In the rapidly evolving field of artificial intelligence, OpenAI recently announced an investment of up to $5 billion to enhance computing resources, a revelation made by OpenAI CEO Greg Brockman in a related legal case. This substantial investment is expected to be realized by 2026, highlighting the surge in demand for computing power in training and inference of large AI models.

Data shows that OpenAI's spending on computing power has grown thousands of times compared to around $30 million in 2017. This shift marks the transition of generative AI from an early experimental phase to large-scale commercialization, with a rapid increase in demand. Today, the operation of products like ChatGPT, model training, and enterprise API services all rely on large GPU clusters and cloud computing infrastructure.
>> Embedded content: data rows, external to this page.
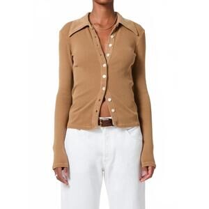 Thanks for checking out our fabulous Posh closet!! All of our items are new with tags! Never worn or used <3 - Composition: 49% Organic Cotton 49% Tencel Lyocell 2% Spandex - Description: A classic button down shirt that will never go out of style.Elevate your warm-weather wardrobe with the Gila Polo in Marcona by Citizens of Humanity. This long-sleeve shirt is expertly crafted from a luxurious blend of 49% organic cotton, 49% Tencel Lyocell, and 2% spandex, promising a soft ribbed texture and figure-hugging fit. Featuring a sleek polo collar and button closure, it measures 28" chest, 13.5" shoulder to shoulder, 21.25" body length, and 24" sleeve length. Care for this minimalist piece by machine washing cold inside out with like colors and tumble drying low. Model is 5'10" and wearing a size small. - Because all of our merchandise is brand new and often times in original packaging, extra photos or measurements cannot be provided - Heads-up that color shades may vary due to the photo lighting - We always put the color name in the title - All items are final sale - Thank you so much for shopping! We appreciate you :)
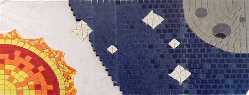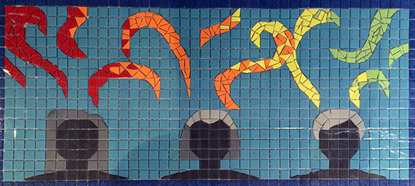 Sun and Waves,  >Designed by Alan E. & Isa F.; Created with Alejandra, Lydia W., and Angela C., Location: Tech Road Northbound.
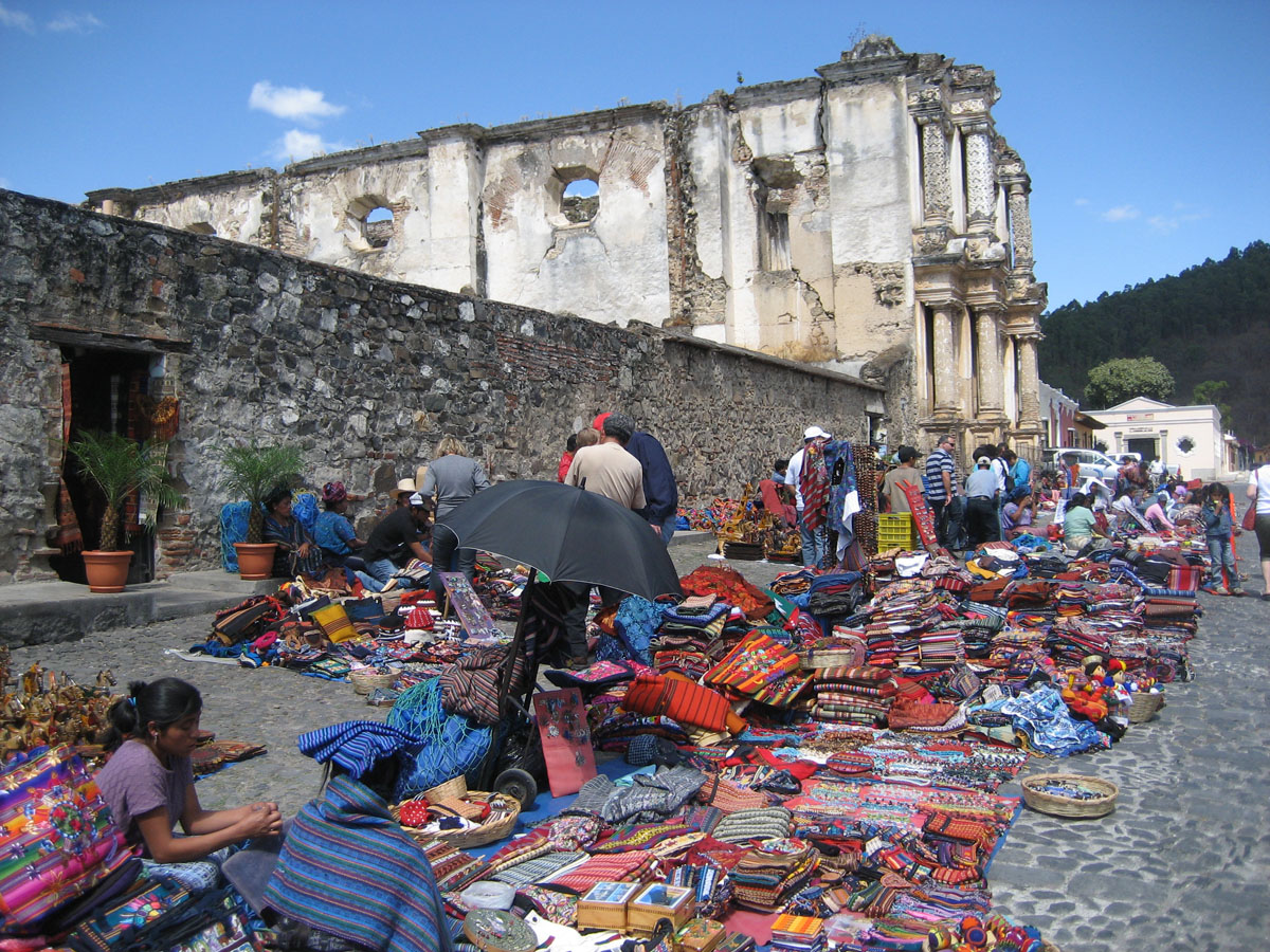 Local Guatemalan women in typical dress sell wares in the street in front of the Artisan Market

Industry experts point out that this $5 billion investment includes not only model training costs but also the cost of daily inference for global users and ongoing investments in larger-scale models. As the number of users continues to grow, AI companies' "computing bills" are also rising in tandem.
More notably, OpenAI also revealed its long-term development goals: by 2030, cumulative computing investments could reach as high as $60 billion. This means that in the coming years, competition in the AI industry will shift from algorithm capabilities to control over computing resources and infrastructure.
At the same time, the entire industry is entering a "computing arms race," with tech giants such as Microsoft, Google, and Amazon expanding data centers on a large scale and competing to secure GPU supplies to maintain a leading position in the next generation of AI competition. Analysts believe this trend will further increase global investment in AI infrastructure, bringing new development opportunities for the industry.